People with high blood pressure have more trouble than others in picking up emotional cues, a new study finds.
Researchers reported that people with high blood pressure were less reactive when shown photographs and text passages meant to trigger emotions including fear, anger and happiness.
This weakened response could be called “emotional dampening,” said James McCubbin, a psychology professor at Clemson University in South Carolina, who led the study.
Giving an example of how people try to manage the emotional responses of other people, McCubbin said, “When we send an email and try to make a joke, we need to use a smiley face to tell a reader it's a joke so they don't misinterpret it and get angry.”
However, “people with emotional dampening may have a hard time recognizing emotions,” he said. For instance, at work they might think their boss is kidding when he is actually showing his anger.
Previous studies linked high blood pressure to a reduced ability to perceive negative emotions. The new study also shows a lessened perception of positive emotions, the researchers wrote. (Elevated blood pressure also has been shown to reduce sensitivity to pain.)
The physiological or mental changes behind this dampening are not yet known, the researchers added.
Blood pressure and emotions
McCubbin's work was based on data collected from 2000 to 2002. As part of a pilot study called HANDLS (“Healthy Aging in Nationally Diverse Longitudinal Samples”), McCubbin and his colleagues measured the blood pressure and emotional responses of 106 African- Americans of low socioeconomic status in Baltimore.
Researchers drove around Baltimore in a mobile research laboratory and also met with subjects in an apartment complex.
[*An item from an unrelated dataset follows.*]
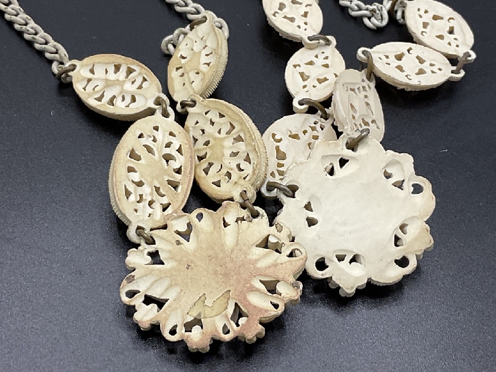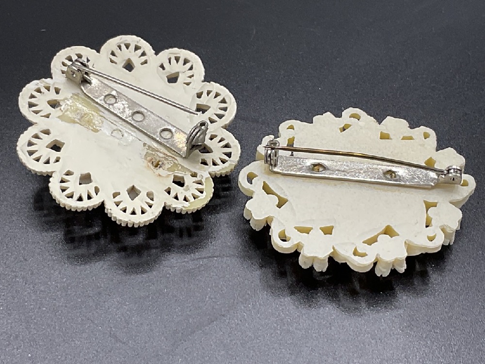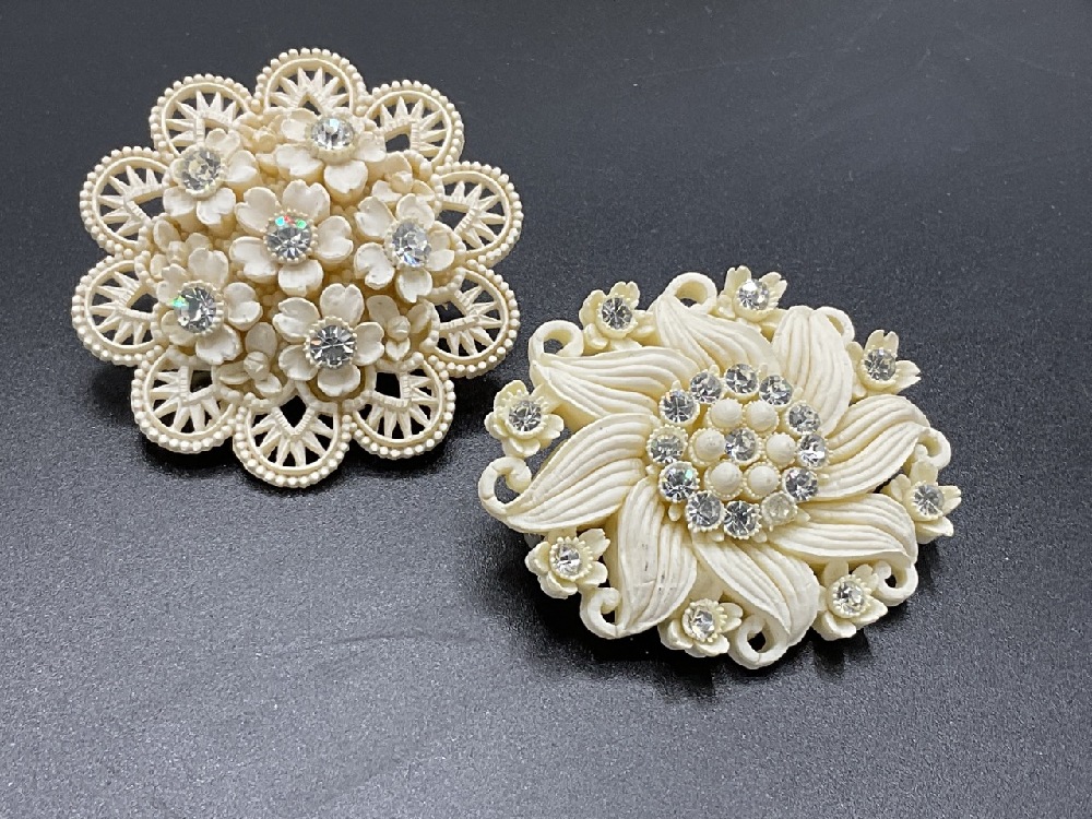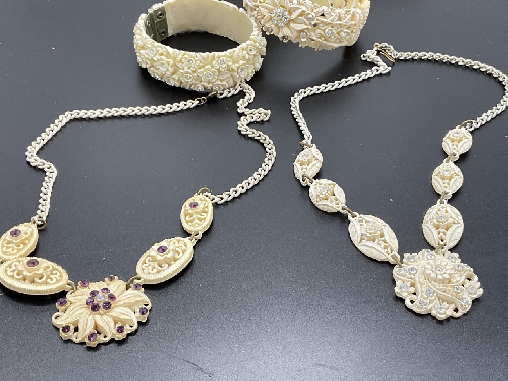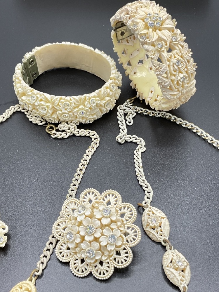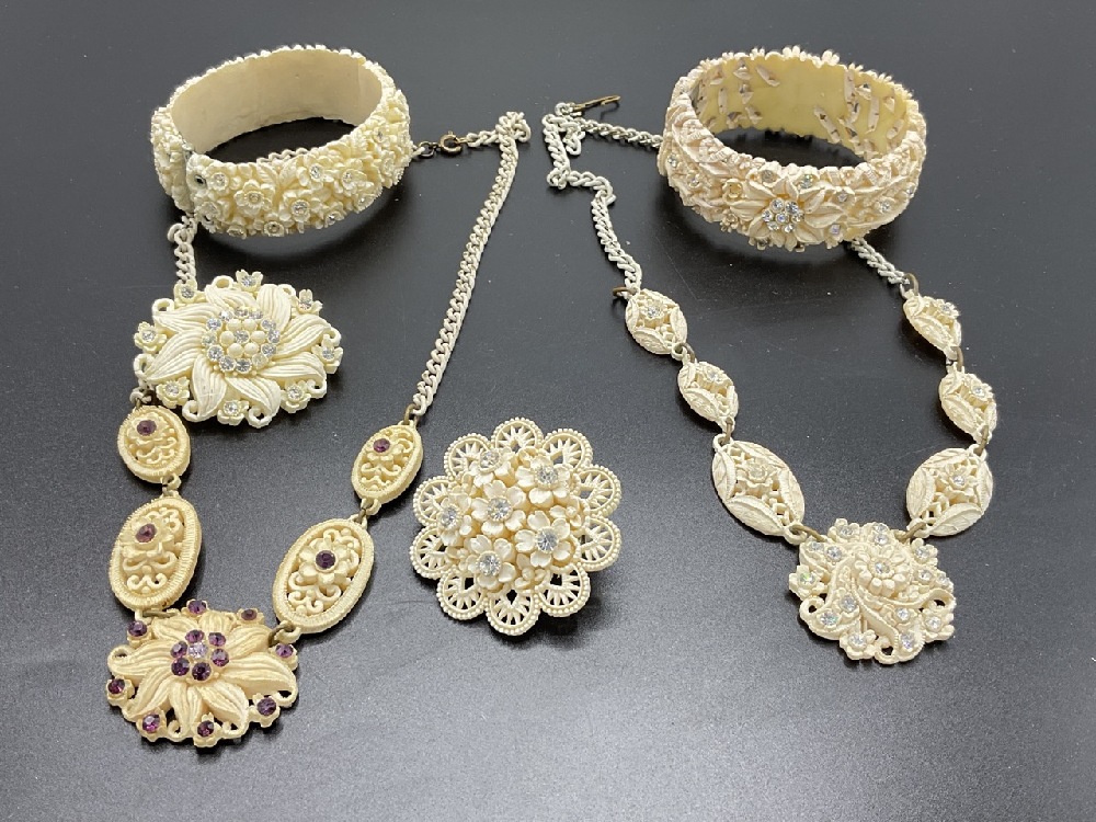 Six (6) Carved Celluloid Rhinetsone Jewelry Pieces. Two clamper bracelets, two brooches and two neckaces. As seen in photograph preview.

They measured the participants' blood pressure and asked them to associate specific emotions — happiness, sadness, fear, anger, disgust, surprise, or no emotion — with sentences and photographs of faces.
For example, the following sentence was meant to convey anger: “Being sure that his players did nothing wrong, a coach demands an explanation from the referee about the penalty call.”
People with elevated blood pressure had much more difficulty discerning such emotions, regardless of their education, age and other factors.
“We believe that there is a link between control of blood pressure and the central nervous system's assessment of emotional stimuli like threats in the environment,” McCubbin said.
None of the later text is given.